The story of this coin is best related in the Pollock reference. Pollock had carefully examined the #1 specimen, the Farouk-Norweb coin, but the same history and mysterious circumstances apply to this piece: “…planchet file marks and traces of an undertype, indicating that the half dollar dies were impressed on a cut-down $20 gold coin, which had been filed to remove high-relief details.
This piece is remarkably thick: 2.4 mm at the edge versus 2.1 mm for a regular-issue Panama-Pacific half dollar.
“The characteristics of the coin suggest that it was made clandestinely. Since the piece is overstruck instead of being made using a new planchet of normal thickness, it can be inferred that there was a desire on the part of the manufacturer that no mention of the piece be made in the bullion account books, and thus if may have been produced secretly at the Mint in the same manner as the 1913 Liberty nickel or the Class III 1804 dollar. The only other known example of the variety, listed as No. 2 in our census (this piece), is reportedly also struck over a cut down $20 gold piece.”

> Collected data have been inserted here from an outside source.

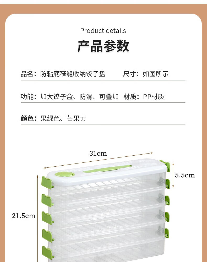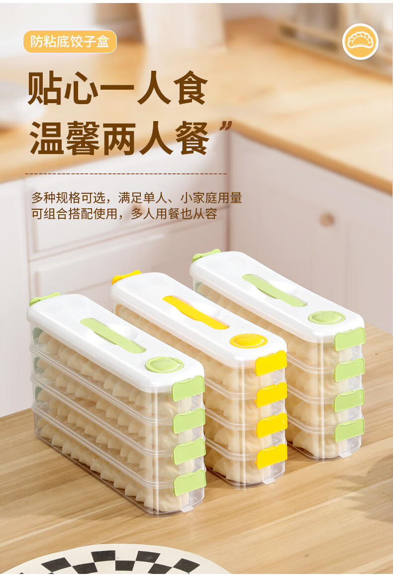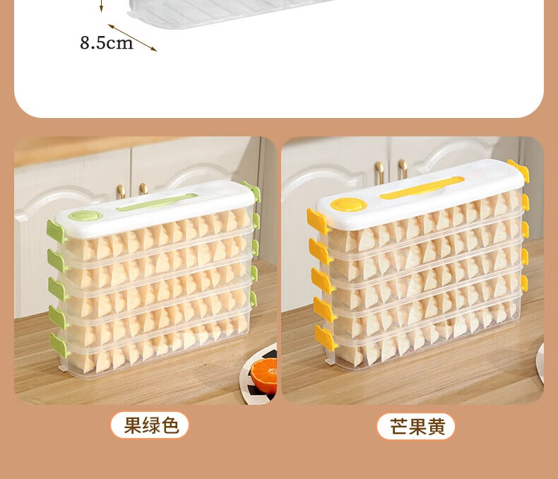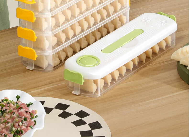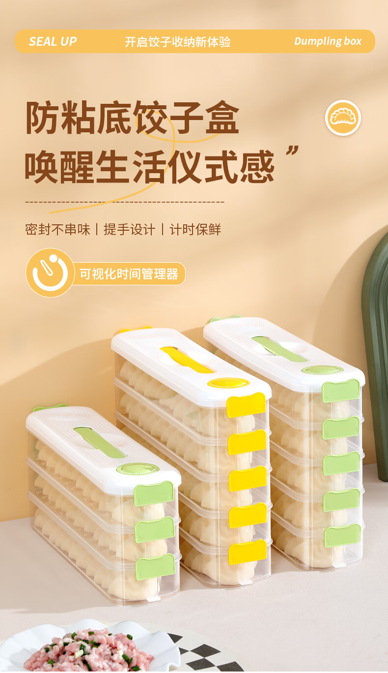 百易特夹缝饺子冷冻收纳盒冰箱侧门专用保鲜食品级分装整理省空间收纳盒 果绿色【窄缝收纳/自由叠加】4层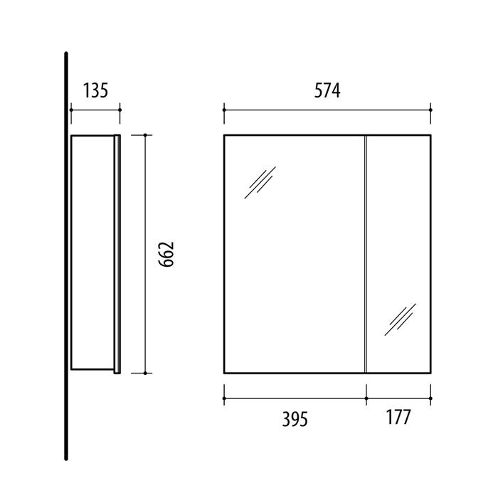 574 x 662 x 135 mm (plotis, aukštis, gylis)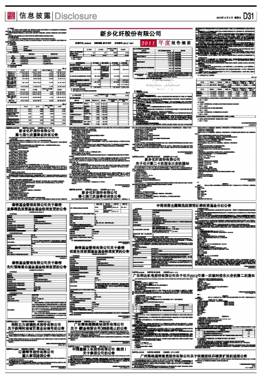 证券代码:000949 证券简称:新乡化纤 公告编号:2012—007 新乡化纤股份有限公司2011年度报告摘要 2012-03-02 来源:证券时报网 作者:
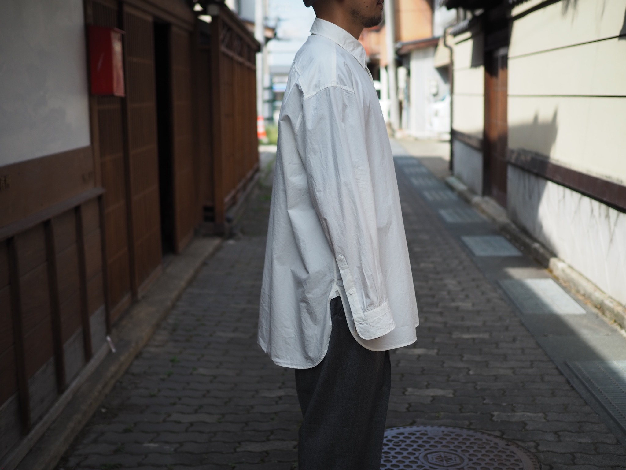 かなり古い時代のシルエットとディテールを落とし込んだシャツは、上品なパターンメイキングで有りながら、長めな着丈など力の抜けたルーズなサイズ感が特徴。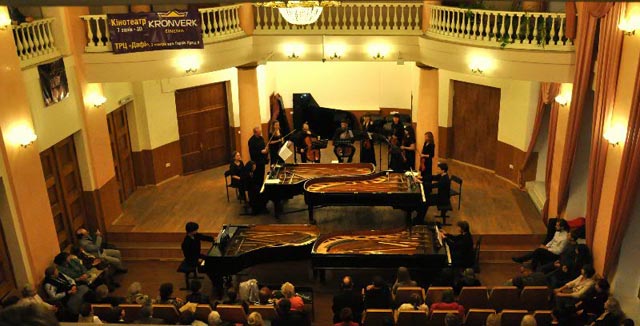 Международный музыкальный фестиваль «Харьковские ассамблеи» подарил слушателям немало встреч с классическим искусством. 12 октября в Большом зале Харьковскогог национального университета искусств имени И.П. Котляревского в рамках фестиваля состоялось уникальное действо - впервые в Украине на одной сцене прозвучали все концерты Баха для двух, трех и четырех клавиров с оркестром. Масштабность этого проекта заслуживает восхищения. На одной сцене появились 4 рояля, один из которых был перенесен сюда специально. Благодаря этому слушатели стали свидетелями премьерного (не только в Харькове, но и в Украине) исполнения двух тройных концертов с оркестром и концерта для четырех клавиров с оркестром Й. С. Баха.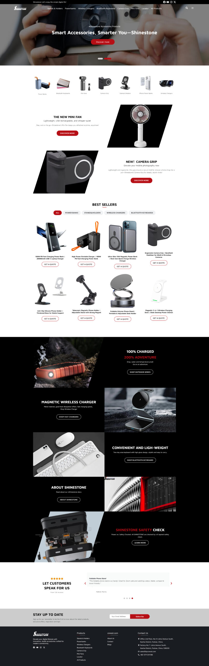 针对其电子配件贸易/出口业务的特点,我们为晟世通设计了一个兼具商务感 + 国际贸易气质的网站:清晰的导航结构囊括“产品展示 + 公司资质 &出口能力 + 联系/询盘入口 +关于我们”等模块,帮助访客快速找到产品信息或联系公司。同时,在视觉与配色上,采用简洁、干净的商务风格 — 使用白底 +浅灰 +深色边框,使内容干净利落易读,突出产品与公司实力。页面布局注重直观与简洁,让国内外客户无论通过电脑或移动设备访问,都能快速获取核心信息。我们还为其设置了清楚的“产品列表 → 详情页 → 联系/询盘”流程,方便买家迅速了解产品参数、公司资质与供应能力,并发起询盘。

Close examination shows fine file marks that presumably would have effaced the design of the double eagle. However, a small remnant of the undertype survives on the reverse with a faint trace of what appears to be an O and a period to its left, located between the H in HALF and U of UNITED.
Ex: Virgil Brand; B.G. Johnson; Celina Coin Co.; A. Friedman; 1979 ANA Sale (New England, 7/79), lot 1365, where it realized an amazing $27,000.
From The Sound Beach Collection. (#62267)
Sold in the Heritage 2003 November Signature Sale #334 Lot 11252 for $165,000

Editors Note: Every now and then we come across a numismatic items that we might have heard about but never seen, or in some instances had no knowledge of at all. This of course may be more of a function of our limited expertise than the fact that the item(s) is truly unique. So at the risk of being called a “dumb ass” (not the first time), we are going to create a new News category called “Unusual Items“. This will be an eclectic collection of the not-so-common items we stumble across during our daily search for worthwhile news and articles, and we hope that you will find this as informative and entertaining as we do.
There are two examples known, but the second is very different from this piece. The other contains both obverses and six different reverses. That piece is permanently impounded in the Smithsonian.